Chinese-Born German Engineer Charged with Stealing Industrial Secrets

medicare FILE - In this July 12, 2008 file photo, a gavel rests on the table of a model court room at Mexico's National Institute of Penal Sciences in Mexico City. The model courtroom has been used by students to prepare for the new legal system that will replace its …
AP Photo/Dario Lopez-Mills, File

German prosecutors on Thursday announced criminal charges against two Chinese-born German citizens accused of stealing data from a chemical reactor project and exploiting it for commercial gain in China.

Reuters reports the charges were first filed in June, the targeted company filed a complaint with the police about two years ago, and the alleged data theft occurred between 2011 and 2013.

Details of the sensitive case have been kept quiet until now, and prosecutors still declined to release the names of the accused, describing them only as a 48-year-old engineer and a 40-year-old accomplice, both German citizens of Chinese descent. A third individual allegedly involved in the data theft was completely unidentified and his or her current whereabouts are said to be unknown.

According to the very vague outline of the case given to Reuters, the 48-year-old engineer worked for a chemical company headquartered in Cologne called Lanxess, which was spun off from pharmaceutical giant Bayer. This individual “gained access to large amounts of sensitive data as he moved up Lanxess’s corporate ladder” and began passing it along to an outside accomplice:

In a senior technical role at Lanxess since February 2010, he sent Chinese-language emails in 2011 and 2013 to an external associate identified as “Mr U”, attaching information on a Lanxess-designed reactor and detailed instructions on how to operate it, court documents from the civil case show.

Within weeks, U replied by email with a proposal for a rival production site in China.

In 2016, the employee co-founded unspecified legal entities to produce and export the copied product from China and the business advertised its new capabilities online and in a press release, according to the documents.

The copycat company also touted itself as a future supplier to Lanxess’s customers at trade fairs, the prosecutors’ office said.

The prosecution of this case seems rather low-key considering the stakes for Lanxess, which is said to have “derived 28 percent of almost 10 billion euros in sales from Asia last year.”

That sales volume would collapse very quickly if Chinese companies founded with stolen technology began luring away customers. Reuters notes German industrialists are growing nervous about their dependence on the Chinese market, presumably due to the growing risk of copycat companies.

Nevertheless, the defendants face only four-year prison sentences if convicted, and Reuters states they “are not held on remand because personal circumstances suggest a low risk of absconding” – a bold assessment given the whereabouts of the third suspect in the case are unknown.
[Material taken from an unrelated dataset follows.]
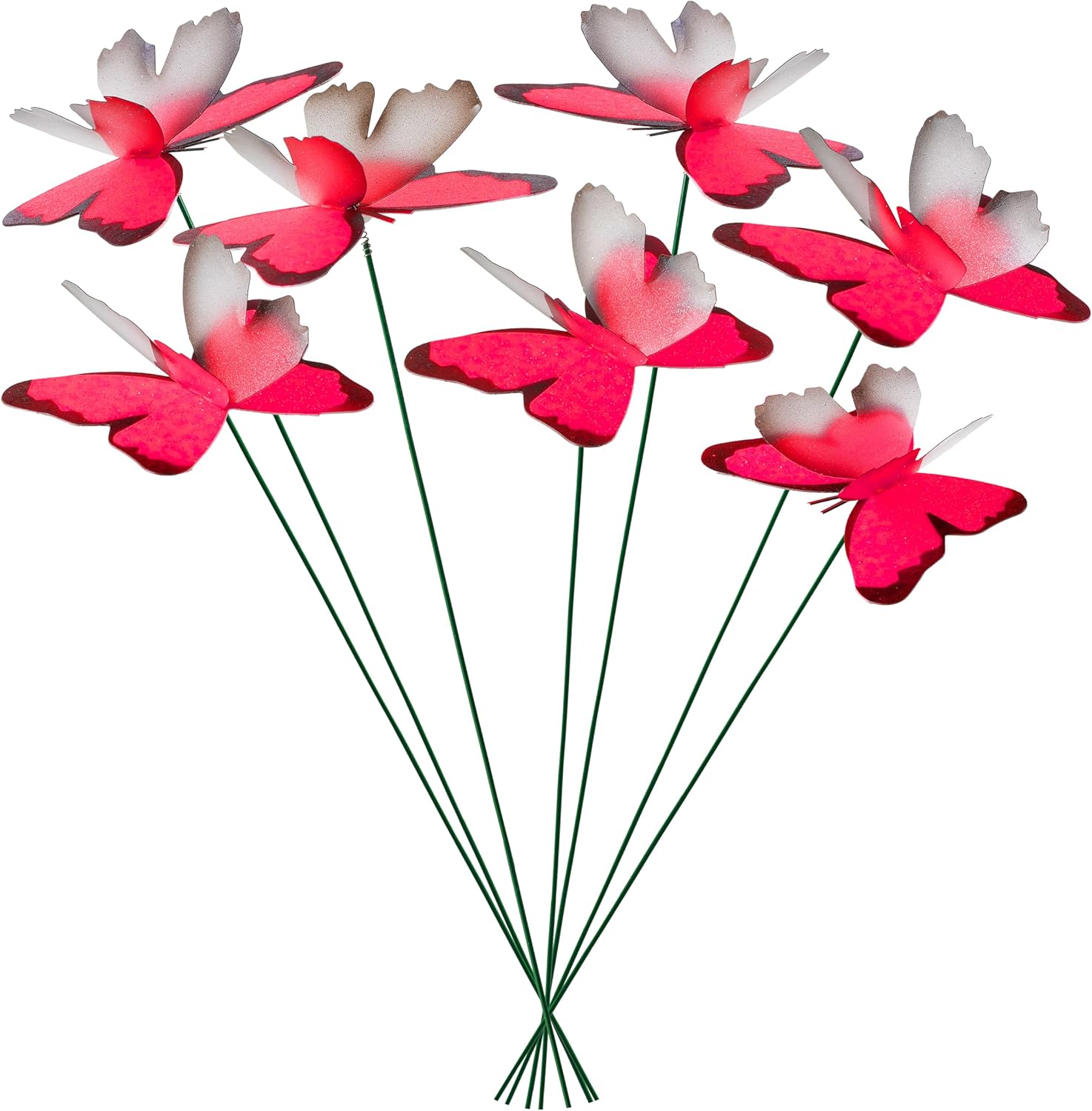 Handmade Butterfly Garden Stakes – Set of 7 Glowing Pink Decorative Butterflies Idea for Garden & Nature Lovers – Outdoor & Indoor Garden Decor – Air Aquarium Handmade by Kushner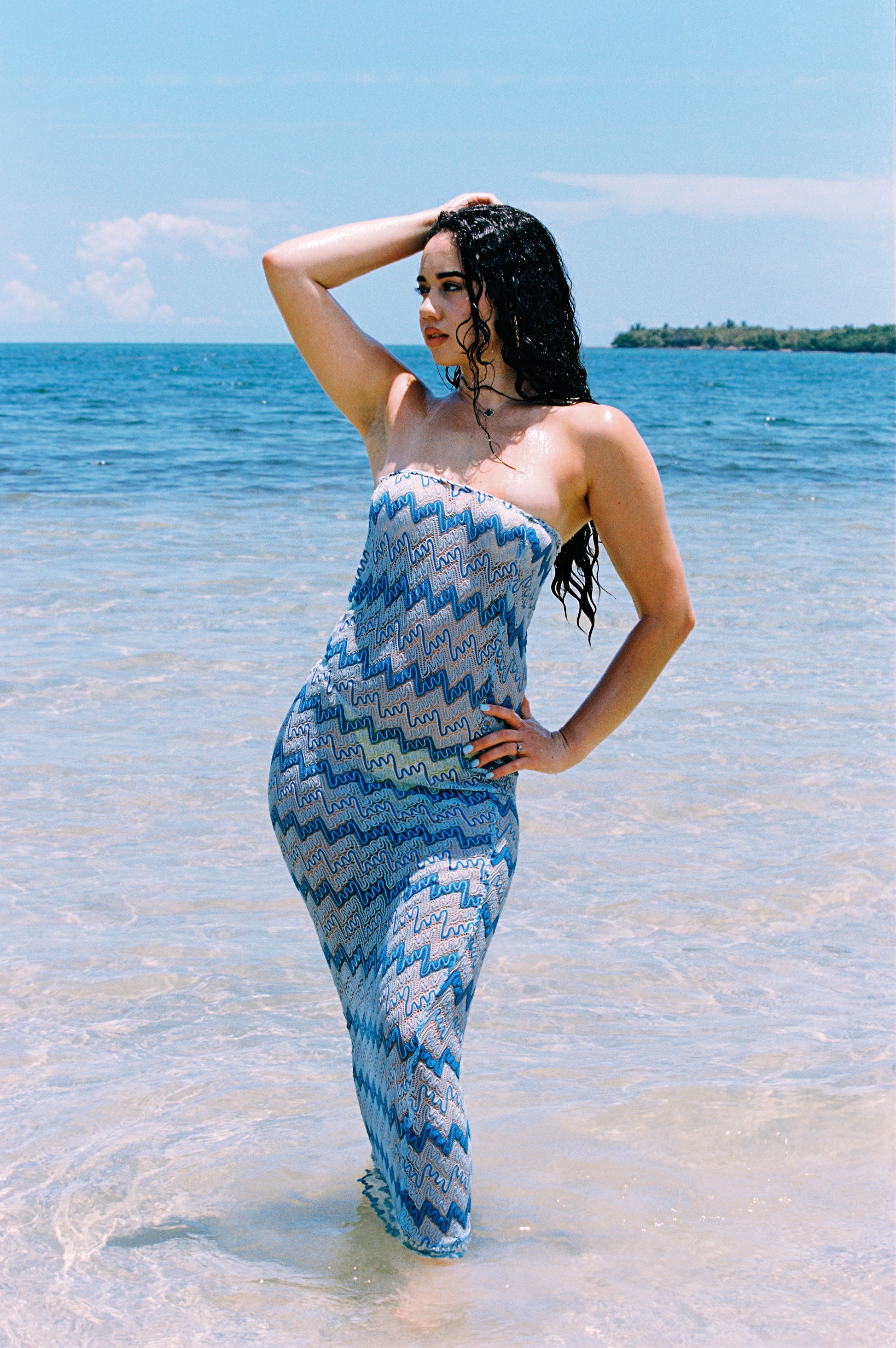 Whisk away in our Godess of Sea cover up dress. Crafted with novelty fabric imported from Turkey and made to highlight and hug your curves.

Deutsche Welle noted in a generally upbeat May assessment of Chinese-German economic relations that “German and European firms operating in China have long complained about the lack of a level playing field and uneven access to the Asian country’s gigantic market,” as well as Chinese data theft:

Protection of intellectual property is one of the major friction points between China and Germany. “Germany and the US have common interests when it comes to this issue,” said Liu Liqun, professor at the Beijing Foreign Studies University, adding that both Berlin and Washington are of the view that Beijing is not doing enough on this front. “Although China has made some progress, it is not enough and China also acknowledges this. I would say it needs more time.”

It’s unclear, though, how much leverage Western leaders like Merkel have to persuade Chinese leaders to implement measures needed to tackle these problems, particularly against the backdrop of Beijing’s ambition to become the world’s leading industrial power in the coming decades.

“At present, the Asian giant is a big buyer of Made-in-Germany goods, but there is growing concern in Berlin that government-supported Chinese firms are increasingly aiming to get their hands on key technologies by acquiring German and European companies in strategic industrial sectors, including robotics, energy systems, and biomedicine,” DW noted.